– Слушай, Макс. – Я положила руку ему на плечо, но он отдернулся от меня, словно от раскаленного куска железа. – А если это не Шилкин? И потом, тебя ведь обязательно найдут и посадят, не говоря уж о том, что ты можешь убить невинного человека. Очень хорошо, что ты обратился ко мне, я как раз пытаюсь найти убийцу этих девушек.
– Ты? – Он недоверчиво, но с надеждой посмотрел на меня.
– Да, а что в этом удивительного? – Я улыбнулась. – Провожу независимое журналистское расследование. Когда мы найдем убийцу, то расскажем обо всем нашим читателям.
– Ты что, сыщик?
– Можно и так сказать, – согласилась я, решив не разочаровывать Полякова.
– Я бы тоже хотел быть сыщиком, чтобы доказать, что Анну убил Шилкин, – заявил Максим, – только я не знаю, как это сделать.
Черт бы побрал этого упрямого мальчишку, вбившего себе в голову, что знает убийцу! Ему, видите ли, осталось только доказать… А что, если его энергию направить в мирное русло?
– Хочешь мне помочь, Макс? – как можно серьезнее спросила я.
– Конечно, о чем разговор, – в его глазах снова полыхнули молнии. – А что нужно делать?
– Это не так уж сложно, – начала я. – Смотри, у тебя есть гипотеза, что твою сестру убил Шилкин. Так?
– Да. – Он закивал головой.
– Это хорошо, когда есть гипотеза. Но нам нужно ее проверить – правильная ли она. Когда была убита твоя сестра?
– Вечером, двадцатого сентября, – выпалил Максим.
– Во сколько вечером?
– Точно не знаю, часов в одиннадцать, наверное, – пожал он плечами.
– Ладно, это можно будет уточнить по ходу пьесы. – Я закурила. – Чтобы Шилкин мог убить твою сестру, он должен был в тот день, двадцатого сентября, быть в ресторане "Русь". Правильно?

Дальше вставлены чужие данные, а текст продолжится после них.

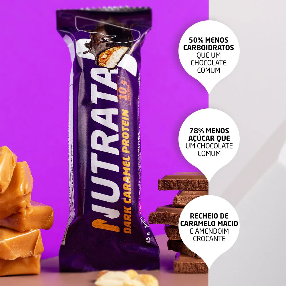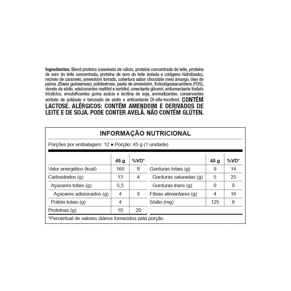 10 g de proteínas; Deliciosa cobertura de chocolate; Recheio de caramelo macio e amendoim crocante; Blend de proteínas de alto valor biológico; Com whey protein; 50% menos carboidratos que um chocolate comum; 78% menos açúcar que um chocolate comum; 0 gordura trans; Sem adoçantes artificiais.

– Правильно, – согласился Максим.
– Тогда слушай, что тебе надо сделать. Поедешь в "Русь" и узнаешь, был ли Шилкин в ресторане двадцатого сентября. Понял?
– А как я это узнаю?
– Поговори с охраной, с официантами, с гардеробщиками, может быть, с барменом… Работа сыщика не из легких.
– Я прямо сейчас поеду, можно? – Он вскочил с кресла.
– Конечно, – кивнула я. – Только ты должен быть готов к тому, что одним этим вопросом придется заниматься не один день.
– Ничего, я упорный, – крикнул он уже от двери.
– Это я поняла, – сказала я уже Кряжимскому. – Видали Пинкертона?
– Горячий парень, – согласился Кряжимский. – Где ты его нашла?
– Он сам меня нашел. Хотел, видите ли, меня предупредить об опасности. Опасность-то скорее от него исходит. Сбивает машиной одиноких пешеходов.
– Может, стоит заявить в милицию? – предложил Кряжимский.
– Не стоит. Зачем парню жизнь калечить – она у него и так нелегкая. Сейчас он, по крайней мере, займется делом и не будет ни с кем сводить счеты. А когда убедится, что был не прав, немного остынет. К тому времени, может, уже выяснится, кто убивал этих девушек.
– Уже что-нибудь узнала? – поинтересовался Кряжимский.
– Пока ничего определенного. Как раз сейчас собиралась все обдумать.
– Ладно, – озабоченно сказал Кряжимский, поднимаясь, – у меня еще дела, так что не буду тебе мешать.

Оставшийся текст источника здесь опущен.